Lady Ramkin drawing herself up haughtily was not a sight to forget, although you could try. It was like watching continental drift in reverse as various sub-continents and islands pulled themselves together to form one massive, angry protowoman.
The broken door of the dragon house swung on its hinges. The inmates, already as highly strung as a harp on amphetamines, were going mad. Little gouts of flame burst against the metal plates as they stampeded back and forth in their pens.
“Hwhat,” she said, “is the meaning of this?”

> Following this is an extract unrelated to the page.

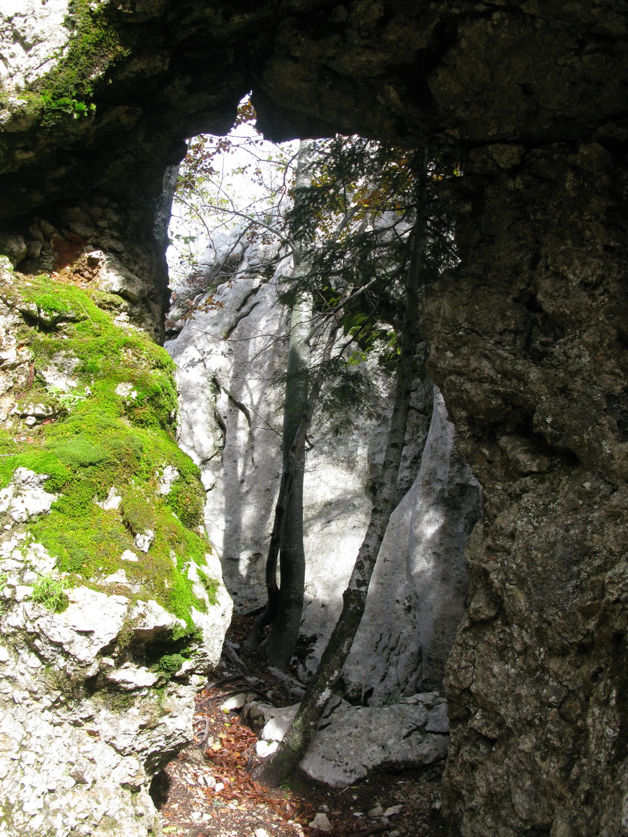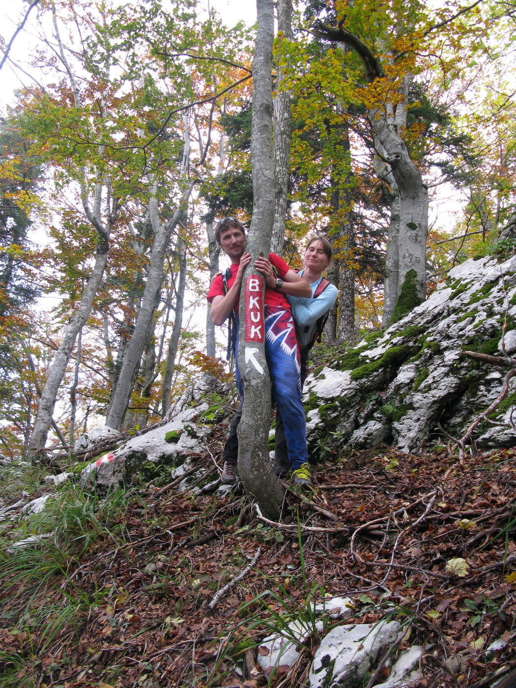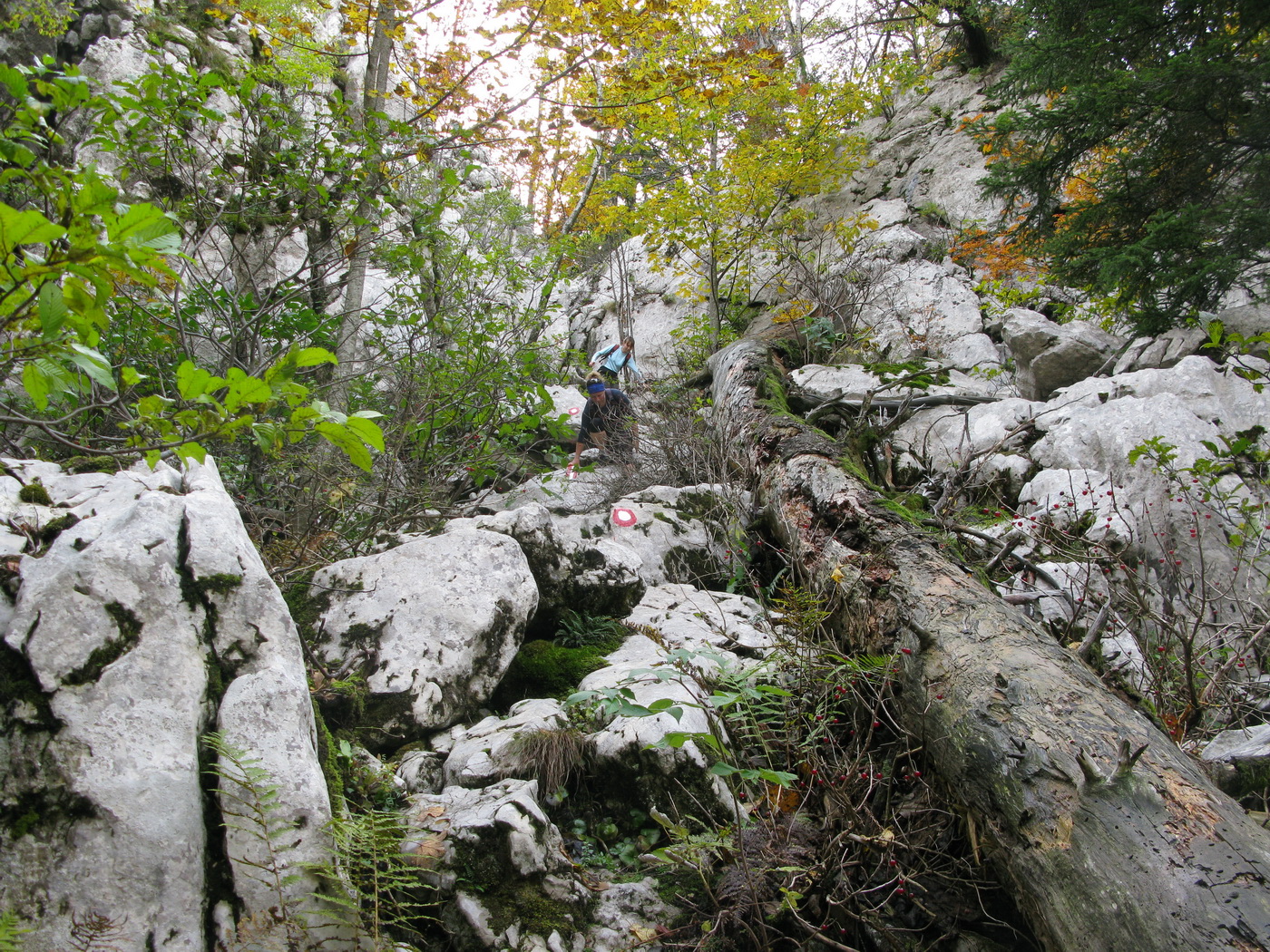 Po prestávke na chate (nikoho sme nestretli) prišlo na rad to, po čo sme sem prišli. Krátky presun bukovým pralesom, ktorý o drevorubačoch ešte nepočul, a stojíme pri rázcestníku. Put Malog princa je okruh, dal by sa ísť oboma smermi. Rozhodujeme sa ísť vpravo a okruh tak zakončiť výstupom na Bili Kuk. Zakrátko prichádzame po dobre vyznačenom chodníku k prvej "atrakcii", ako sme ich neskôr nazvali.

If a Ramkin had ever been given to introspection she’d have admitted that it wasn’t a very original line. But it was handy. It did the job. The reason that cliches become cliches is that they are the hammers and screwdrivers in the toolbox of communication.
The mob filled the broken doorway. Some of it was waving various sharp implements with the up-and-down motion proper to rioters.
“Worl,” said the leader, “it’s the dragon, innit?”
There was a chorus of muttered agreement.
“Hwhat about it?” said Lady Ramkin.
“Worl. It’s been burning the city. They don’t fly far. You got dragons here. Could be one of them, couldn’t it?”
“Yeah.”
“S’right.”
“QED.” 1
“So what we’re going to do is, we’re going to put ’em down.”
“S’right.”
“Yeah.”
“Pro bono publico.”
Lady Ramkin’s bosom rose and fell like an empire. She reached out and grabbed the dunging fork from its hook on the wall.
“One step nearer, I warn you, and you’ll be sorry,” she said.
The leader looked beyond her to the frantic dragons.
“Yeah?” he said, nastily. “And what’ll you do, eh?”